Give back the whole listing exactly as written, pictures excluded.

= Data below =
------
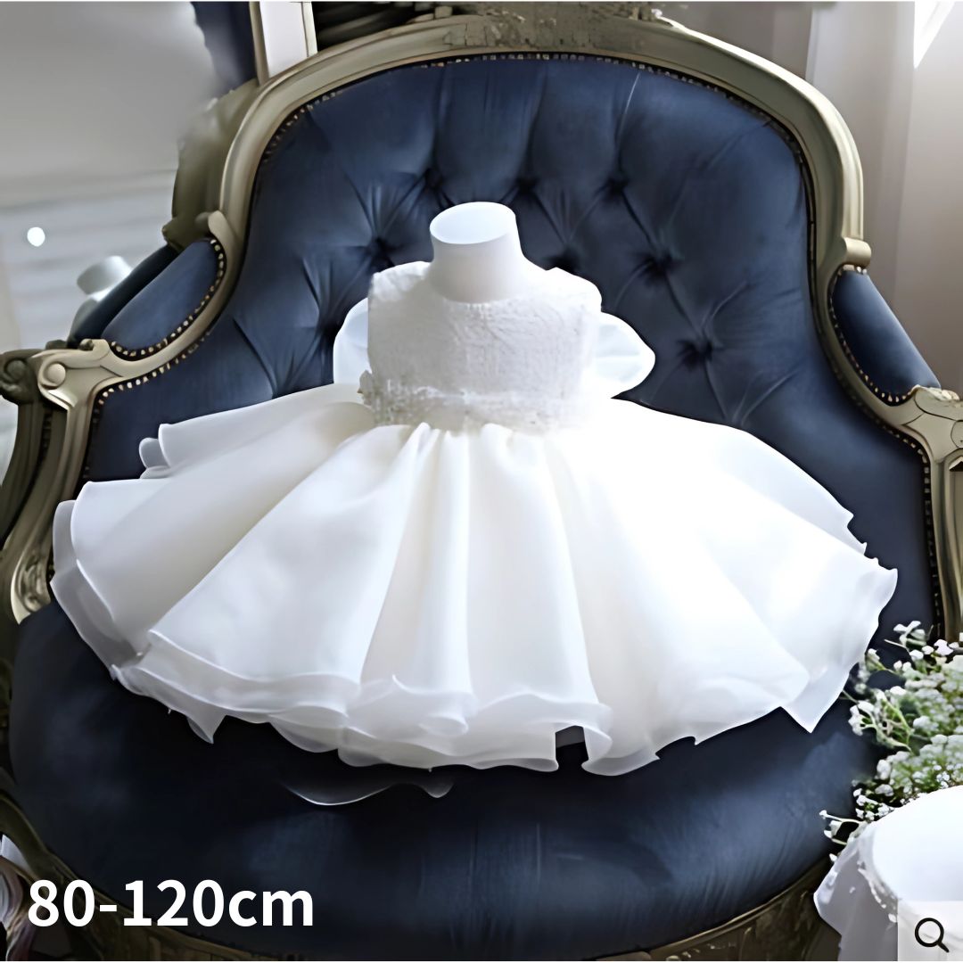 真っ白な高級感たっぷりな素敵な女の子ドレスです。
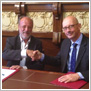El alcalde de Valladolid, Francisco Javier León de la Riva, y el presidente del Colegio Territorial de Administradores de Fincas Rústicas y Urbanas de Valladolid, Salvador Díez Lloris durante la firma del convenioImagen en alta resolución. Este enlace se abrirá mediante lightbox, puede haber un cambio de contextoEl alcalde de Valladolid, Francisco Javier León de la Riva, y el presidente del Colegio Territorial de Administradores de Fincas Rústicas y Urbanas de Valladolid, Salvador Díez Lloris durante la firma del convenio
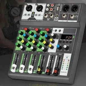 A4 4Channels Audio Mixer Sound Mixing Console with Bluetooth USB Record 48V Phantom Power Monitor Paths Plus Effects Use
------
= Solution for this task =
 真っ白な高級感たっぷりな素敵な女の子ドレスです。
El alcalde de Valladolid, Francisco Javier León de la Riva, y el presidente del Colegio Territorial de Administradores de Fincas Rústicas y Urbanas de Valladolid, Salvador Díez Lloris durante la firma del convenioImagen en alta resolución. Este enlace se abrirá mediante lightbox, puede haber un cambio de contextoEl alcalde de Valladolid, Francisco Javier León de la Riva, y el presidente del Colegio Territorial de Administradores de Fincas Rústicas y Urbanas de Valladolid, Salvador Díez Lloris durante la firma del convenio
 A4 4Channels Audio Mixer Sound Mixing Console with Bluetooth USB Record 48V Phantom Power Monitor Paths Plus Effects Use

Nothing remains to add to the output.